- Historical leaders: Manuel Pardo, Mariano Ignacio Prado, Eduardo López de Romaña, Manuel Candamo, Serapio Calderón, José Pardo y Barreda
- Founded: 1871
- Dissolved: 1930
- Headquarters: Club Nacional, Lima
- Newspaper: El Comercio El Nacional
- Ideology: Liberalism Conservative liberalism Modernization Free trade Antimilitarism
- Political position: Centre-right^{[citation needed]}

= Civilista Party =

Political party in Peru (1871–1930)

The Civilista Party (Partido Civil, PC) was a political party in Peru.

==History==
Founded as a countermeasure against the growing power of the military in Peru during the first half of the Republic, the party's sole purpose was to establish a civilian rule in the country. This, however, did not prevent them from creating political alliances with the military during its first years of existence. Founded in 1872, the party's first candidate was its founder, Manuel Pardo, who was elected on August 2, 1872.

During the 1870s, economic growth and a certain degree of political stability had laid the conditions for creating the country's first political party. It was also a new era of international trade, business, and finance that Peru was benefiting from. Some believed that this era required the managerial skills that an educated and professional Elite could provide and believed Manuel Pardo was apt for this job. Under Pardo, the Civilistas pursued fiscal and administrative reforms, expanded public education, created the college for the bureaucracy and a school for naval officers, and established a National Guard with merit-based promotion rules.

The Civilista Party was first primarily composed of the newly rich merchants, planters, and businesspeople in Peru (especially those who benefited themselves with the Guano Boom exportations). The members of the party believed that the military was corrupt and no longer capable of ruling the country and that it was more apt to serve it militarily than to rule it politically.

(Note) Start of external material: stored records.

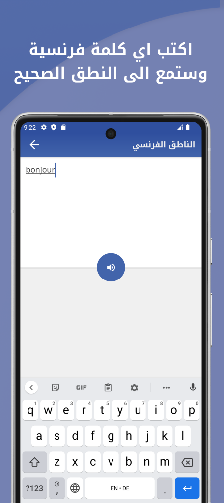 يضم التطبيق على قسم الناطق الفرنسي الدي يحول كل ما تكتبه باللغة الفرنسية في الحقل النصي الى صوت لتعلم مهارة الاستماع و النطق وتوجد ميزة اخرى اضفناها الى التطبيق وهي خاصية الصوت تسمح لك بالضغط الى اي كلمة او عبارة وتسمع كيف تنطق ل تعلم الفرنسية بالصوت.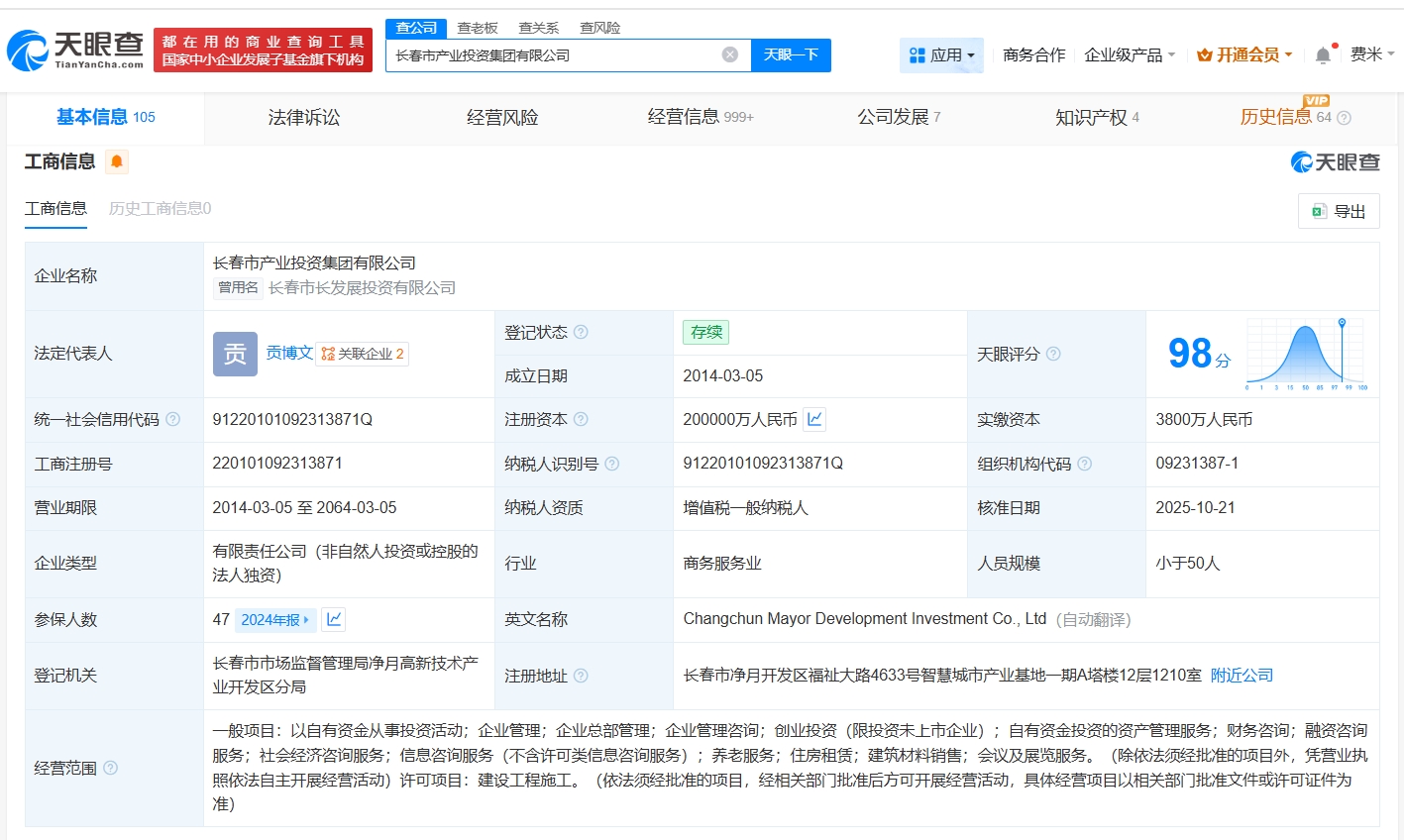 长春市产业投资集团有限公司成立于2014年3月,法定代表人为贡博文,经营范围包括以自有资金从事投资活动、企业管理、创业投资等。股东信息显示,该公司由长春市城市发展投资控股(集团)有限公司全资持股。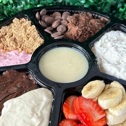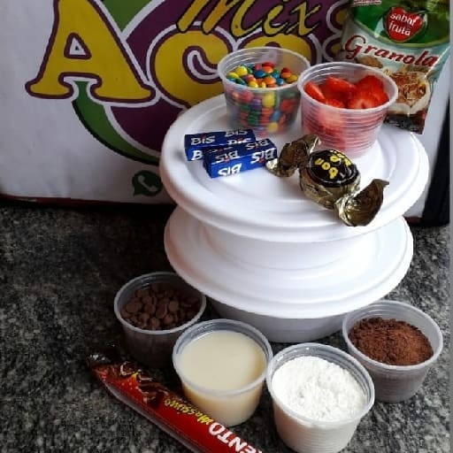 2 marmitas 1 kilo com creme de acai 1- Nutella 2- Creme Ninho 3- Chantily 4- Ovomaltine 5- M&Ms 6- Banana 7- Morango 8- Leite em po 9- Leite condensado 10- Creme de maracuja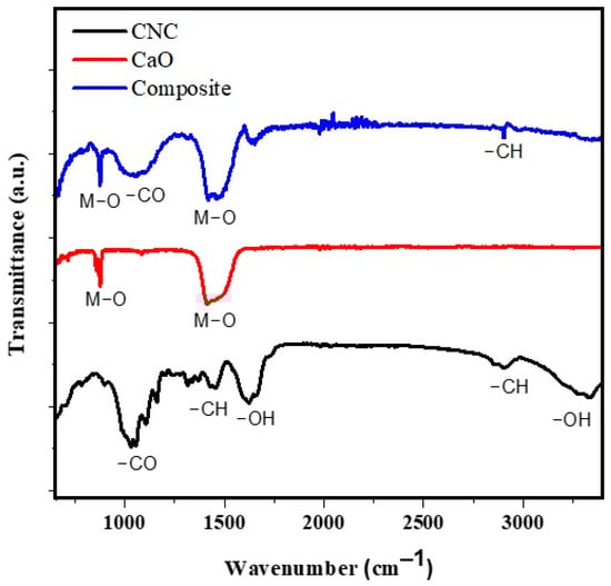 The vibrational bands contained in CaO nanoparticles, CNC, and the CaO/CNC composite in the region of 4000–400 cm−1 were examined using the FTIR technique (Figure 2). The peak in the range of 500–450 cm−1, due to the M–O bond present in CaO nanoparticles, as reported earlier, and the peak at 874 and 1418 cm−1 corresponding to the C–O bond, suggesting the carbonation of calcium oxide, were both seen in the spectra of CaO [26,27]. Peaks in CNC include the following: –OH stretch (3600–3200 cm−1), C–H stretch of cellulose polysaccharides (2910 cm−1), –OH bending vibration (1640 cm−1), CH2 bending (1430 cm−1), and 1372 cm−1 (CH3 bending), and –CO stretching (1060). Each of the positive detected peaks is in conformity with the published literature [28]. The peaks at 874 and 1418 cm−1 in the composite CaO/CNC FTIR spectrum are caused by CaO nanoparticles, which are not present in the CNC spectra. The peak of calcium oxide’s carbonation coincided with the CH3 and CH2 bending vibrations in CaO/CNC, which are in the range of 1450–1300 cm−1. These all provide confirmation that the CaO/CNC composite was successfully formed.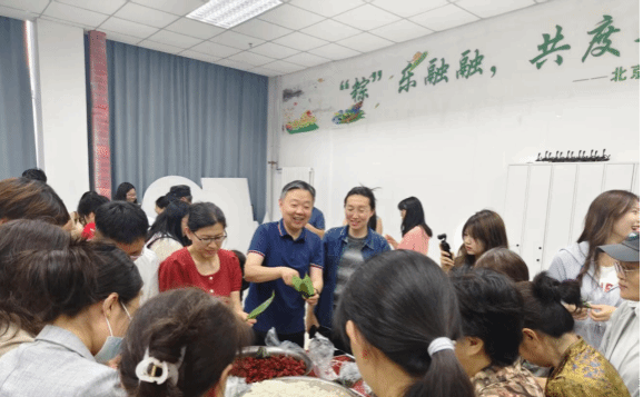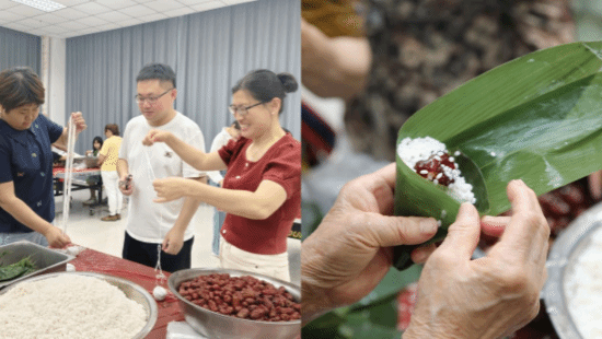 在乒乓球活動室開展的是“巧手包粽子”活動,現場準備了粽葉、糯米、蜜棗、大棗、繩子等食材和工具,在經驗豐富的教職工指導下,大家折粽葉、裝糯米、放紅棗、裹扎繩,教職工們圍在一起,一邊包粽子,一邊交流端午的由來、習俗等中華優秀傳統文化知識,氣氛歡樂祥和,其樂融融。

After the War of the Pacific and a successful revolution (that removed the military from power once again), the Party played a key role in the reconstruction of the country. Political scientist Luis Schenoni describes the original Civilista project of state formation as the clearest casuality of the War of the Pacific, as defeat weakened the national state and empowered peripheral elites. Reviving its antimilitary and pro-export program, they secured the support of its constituents. Most of its members were part of the economic and social elite established in Lima.

Between 1899 and 1920, most Peruvian presidents had been members of this Party. This period of Peruvian history is often called the Aristocratic Republic (coined by Peruvians referring to the social elite that governed them). Elections, however, were restricted, subject to strict property and literacy qualifications, and more often than not manipulated by the incumbent Civilista regime.

The party, as a major political force, was disbanded during the so-called oncenio (11 years of power) of Augusto B. Leguía y Salcedo's second term.